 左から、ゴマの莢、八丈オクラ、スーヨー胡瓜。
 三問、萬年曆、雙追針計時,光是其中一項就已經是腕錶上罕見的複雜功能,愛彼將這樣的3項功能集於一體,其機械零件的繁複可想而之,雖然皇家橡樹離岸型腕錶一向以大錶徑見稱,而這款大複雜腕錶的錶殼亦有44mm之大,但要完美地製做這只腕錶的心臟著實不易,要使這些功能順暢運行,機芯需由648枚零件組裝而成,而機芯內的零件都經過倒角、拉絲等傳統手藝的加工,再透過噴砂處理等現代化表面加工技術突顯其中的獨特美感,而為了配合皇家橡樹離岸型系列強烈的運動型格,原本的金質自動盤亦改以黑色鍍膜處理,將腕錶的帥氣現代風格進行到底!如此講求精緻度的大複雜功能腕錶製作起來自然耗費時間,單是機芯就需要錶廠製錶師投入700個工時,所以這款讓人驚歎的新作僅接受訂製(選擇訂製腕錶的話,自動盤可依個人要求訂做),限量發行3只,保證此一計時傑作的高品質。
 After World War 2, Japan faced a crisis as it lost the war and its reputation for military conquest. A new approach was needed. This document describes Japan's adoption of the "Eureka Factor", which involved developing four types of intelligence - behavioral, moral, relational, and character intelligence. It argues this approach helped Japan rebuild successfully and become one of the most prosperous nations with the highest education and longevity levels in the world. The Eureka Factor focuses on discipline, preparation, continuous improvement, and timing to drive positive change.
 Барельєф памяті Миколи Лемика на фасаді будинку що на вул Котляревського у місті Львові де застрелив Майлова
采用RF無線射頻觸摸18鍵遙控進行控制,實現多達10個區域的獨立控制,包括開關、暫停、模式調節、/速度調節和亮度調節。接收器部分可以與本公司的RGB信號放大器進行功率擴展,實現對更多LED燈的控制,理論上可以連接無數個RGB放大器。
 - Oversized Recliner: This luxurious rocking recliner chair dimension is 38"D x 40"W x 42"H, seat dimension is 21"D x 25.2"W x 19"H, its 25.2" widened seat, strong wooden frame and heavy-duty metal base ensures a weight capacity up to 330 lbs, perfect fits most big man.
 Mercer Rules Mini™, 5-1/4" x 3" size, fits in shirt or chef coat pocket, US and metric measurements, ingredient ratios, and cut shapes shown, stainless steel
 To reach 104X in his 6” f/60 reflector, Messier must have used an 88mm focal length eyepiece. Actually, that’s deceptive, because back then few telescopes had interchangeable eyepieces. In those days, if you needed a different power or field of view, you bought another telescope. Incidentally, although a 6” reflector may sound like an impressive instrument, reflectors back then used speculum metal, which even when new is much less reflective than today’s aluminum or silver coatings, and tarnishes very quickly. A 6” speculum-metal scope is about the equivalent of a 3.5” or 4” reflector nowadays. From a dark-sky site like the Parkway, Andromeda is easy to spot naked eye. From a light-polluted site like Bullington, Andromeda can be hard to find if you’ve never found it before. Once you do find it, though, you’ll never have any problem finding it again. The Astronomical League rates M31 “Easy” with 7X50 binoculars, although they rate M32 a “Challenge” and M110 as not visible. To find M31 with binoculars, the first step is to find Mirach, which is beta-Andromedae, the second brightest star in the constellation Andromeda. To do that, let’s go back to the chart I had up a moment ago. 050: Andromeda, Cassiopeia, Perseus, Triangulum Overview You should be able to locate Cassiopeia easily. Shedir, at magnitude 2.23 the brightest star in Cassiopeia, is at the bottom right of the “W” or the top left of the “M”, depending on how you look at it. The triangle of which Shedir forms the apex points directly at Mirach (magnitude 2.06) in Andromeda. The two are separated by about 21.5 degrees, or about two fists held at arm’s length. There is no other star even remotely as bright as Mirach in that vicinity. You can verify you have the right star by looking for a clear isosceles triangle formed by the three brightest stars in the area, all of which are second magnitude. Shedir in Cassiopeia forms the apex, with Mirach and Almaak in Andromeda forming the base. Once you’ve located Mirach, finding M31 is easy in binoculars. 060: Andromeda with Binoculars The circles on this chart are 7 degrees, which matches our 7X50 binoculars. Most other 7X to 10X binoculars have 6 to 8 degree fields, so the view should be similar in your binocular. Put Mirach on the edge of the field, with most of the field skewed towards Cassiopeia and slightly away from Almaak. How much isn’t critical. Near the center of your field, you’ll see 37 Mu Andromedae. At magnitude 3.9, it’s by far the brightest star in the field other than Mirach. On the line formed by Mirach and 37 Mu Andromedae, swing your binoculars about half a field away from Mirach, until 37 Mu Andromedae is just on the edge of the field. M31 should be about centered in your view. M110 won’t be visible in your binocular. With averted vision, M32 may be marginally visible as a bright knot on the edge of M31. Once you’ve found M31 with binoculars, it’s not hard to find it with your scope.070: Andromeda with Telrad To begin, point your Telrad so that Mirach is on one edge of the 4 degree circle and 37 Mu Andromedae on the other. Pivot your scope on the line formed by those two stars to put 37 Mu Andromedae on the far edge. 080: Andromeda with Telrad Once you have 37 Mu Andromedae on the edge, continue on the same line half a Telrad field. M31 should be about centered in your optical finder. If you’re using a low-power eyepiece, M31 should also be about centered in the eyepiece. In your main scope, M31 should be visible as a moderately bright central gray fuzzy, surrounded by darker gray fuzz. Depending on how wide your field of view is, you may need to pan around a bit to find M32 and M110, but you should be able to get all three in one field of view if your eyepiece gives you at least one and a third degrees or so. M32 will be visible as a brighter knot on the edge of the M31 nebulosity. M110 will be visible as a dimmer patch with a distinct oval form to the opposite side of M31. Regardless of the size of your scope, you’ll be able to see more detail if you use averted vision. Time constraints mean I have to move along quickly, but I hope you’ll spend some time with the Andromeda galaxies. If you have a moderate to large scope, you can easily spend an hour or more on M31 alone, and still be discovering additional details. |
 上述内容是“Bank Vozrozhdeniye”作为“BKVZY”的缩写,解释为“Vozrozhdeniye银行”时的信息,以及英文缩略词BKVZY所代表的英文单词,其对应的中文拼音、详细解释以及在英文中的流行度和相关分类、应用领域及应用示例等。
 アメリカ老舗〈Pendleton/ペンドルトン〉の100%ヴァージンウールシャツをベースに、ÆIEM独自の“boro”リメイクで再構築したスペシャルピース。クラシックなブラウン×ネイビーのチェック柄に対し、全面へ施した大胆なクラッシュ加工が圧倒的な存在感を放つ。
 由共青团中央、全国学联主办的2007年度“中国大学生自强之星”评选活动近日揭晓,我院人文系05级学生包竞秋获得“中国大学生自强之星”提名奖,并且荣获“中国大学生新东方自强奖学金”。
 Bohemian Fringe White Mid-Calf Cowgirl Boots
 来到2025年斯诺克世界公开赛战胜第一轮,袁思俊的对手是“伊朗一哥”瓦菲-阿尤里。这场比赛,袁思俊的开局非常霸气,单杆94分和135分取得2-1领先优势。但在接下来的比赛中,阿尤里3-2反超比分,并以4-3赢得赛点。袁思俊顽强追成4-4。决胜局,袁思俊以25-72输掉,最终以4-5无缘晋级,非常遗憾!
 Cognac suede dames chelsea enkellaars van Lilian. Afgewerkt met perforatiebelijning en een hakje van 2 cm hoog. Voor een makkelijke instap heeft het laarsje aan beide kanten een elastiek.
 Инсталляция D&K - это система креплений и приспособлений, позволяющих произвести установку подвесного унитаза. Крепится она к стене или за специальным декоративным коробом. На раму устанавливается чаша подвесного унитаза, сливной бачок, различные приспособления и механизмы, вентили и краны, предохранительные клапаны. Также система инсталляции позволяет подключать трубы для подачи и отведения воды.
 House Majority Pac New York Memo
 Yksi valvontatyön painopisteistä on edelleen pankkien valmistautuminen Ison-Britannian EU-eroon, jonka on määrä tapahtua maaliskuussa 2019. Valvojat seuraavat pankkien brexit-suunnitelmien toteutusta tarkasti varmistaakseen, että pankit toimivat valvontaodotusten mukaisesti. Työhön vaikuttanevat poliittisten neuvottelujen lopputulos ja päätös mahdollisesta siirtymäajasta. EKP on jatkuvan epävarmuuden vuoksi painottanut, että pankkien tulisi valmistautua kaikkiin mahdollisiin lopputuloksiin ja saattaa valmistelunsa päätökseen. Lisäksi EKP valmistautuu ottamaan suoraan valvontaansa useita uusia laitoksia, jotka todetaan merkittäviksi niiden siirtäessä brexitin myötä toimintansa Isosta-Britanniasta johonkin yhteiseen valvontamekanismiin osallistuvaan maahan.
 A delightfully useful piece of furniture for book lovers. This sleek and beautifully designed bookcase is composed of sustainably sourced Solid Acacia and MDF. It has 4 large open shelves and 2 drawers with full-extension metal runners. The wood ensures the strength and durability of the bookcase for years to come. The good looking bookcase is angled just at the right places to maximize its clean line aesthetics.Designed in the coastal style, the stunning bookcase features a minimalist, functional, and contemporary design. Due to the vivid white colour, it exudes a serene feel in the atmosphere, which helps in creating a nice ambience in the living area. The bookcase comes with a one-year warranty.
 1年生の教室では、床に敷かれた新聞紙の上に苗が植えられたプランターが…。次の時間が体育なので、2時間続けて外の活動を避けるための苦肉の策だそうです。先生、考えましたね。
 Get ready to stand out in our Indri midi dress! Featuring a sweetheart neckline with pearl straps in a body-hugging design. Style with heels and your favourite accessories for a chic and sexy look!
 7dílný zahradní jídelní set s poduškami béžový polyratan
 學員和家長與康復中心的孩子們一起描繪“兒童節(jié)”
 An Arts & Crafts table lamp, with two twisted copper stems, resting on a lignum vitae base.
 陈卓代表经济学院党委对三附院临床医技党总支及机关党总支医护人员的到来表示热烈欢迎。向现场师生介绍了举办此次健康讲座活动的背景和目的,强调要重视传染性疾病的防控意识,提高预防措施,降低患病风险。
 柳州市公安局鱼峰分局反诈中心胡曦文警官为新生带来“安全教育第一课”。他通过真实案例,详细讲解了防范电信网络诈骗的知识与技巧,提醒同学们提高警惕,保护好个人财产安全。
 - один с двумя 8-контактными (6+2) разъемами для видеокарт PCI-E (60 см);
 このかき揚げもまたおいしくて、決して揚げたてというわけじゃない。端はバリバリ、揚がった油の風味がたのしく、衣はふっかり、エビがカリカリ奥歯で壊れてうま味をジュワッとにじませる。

......

EXERCISE REQUIREMENTS> Once you find the line containing "柳州市公安局鱼峰分局反诈中心", copy it and every line after it through the end of the records, exactly and nothing else.

SOLUTION FOR THIS PROBLEM>
 柳州市公安局鱼峰分局反诈中心胡曦文警官为新生带来“安全教育第一课”。他通过真实案例,详细讲解了防范电信网络诈骗的知识与技巧,提醒同学们提高警惕,保护好个人财产安全。
 - один с двумя 8-контактными (6+2) разъемами для видеокарт PCI-E (60 см);
 このかき揚げもまたおいしくて、決して揚げたてというわけじゃない。端はバリバリ、揚がった油の風味がたのしく、衣はふっかり、エビがカリカリ奥歯で壊れてうま味をジュワッとにじませる。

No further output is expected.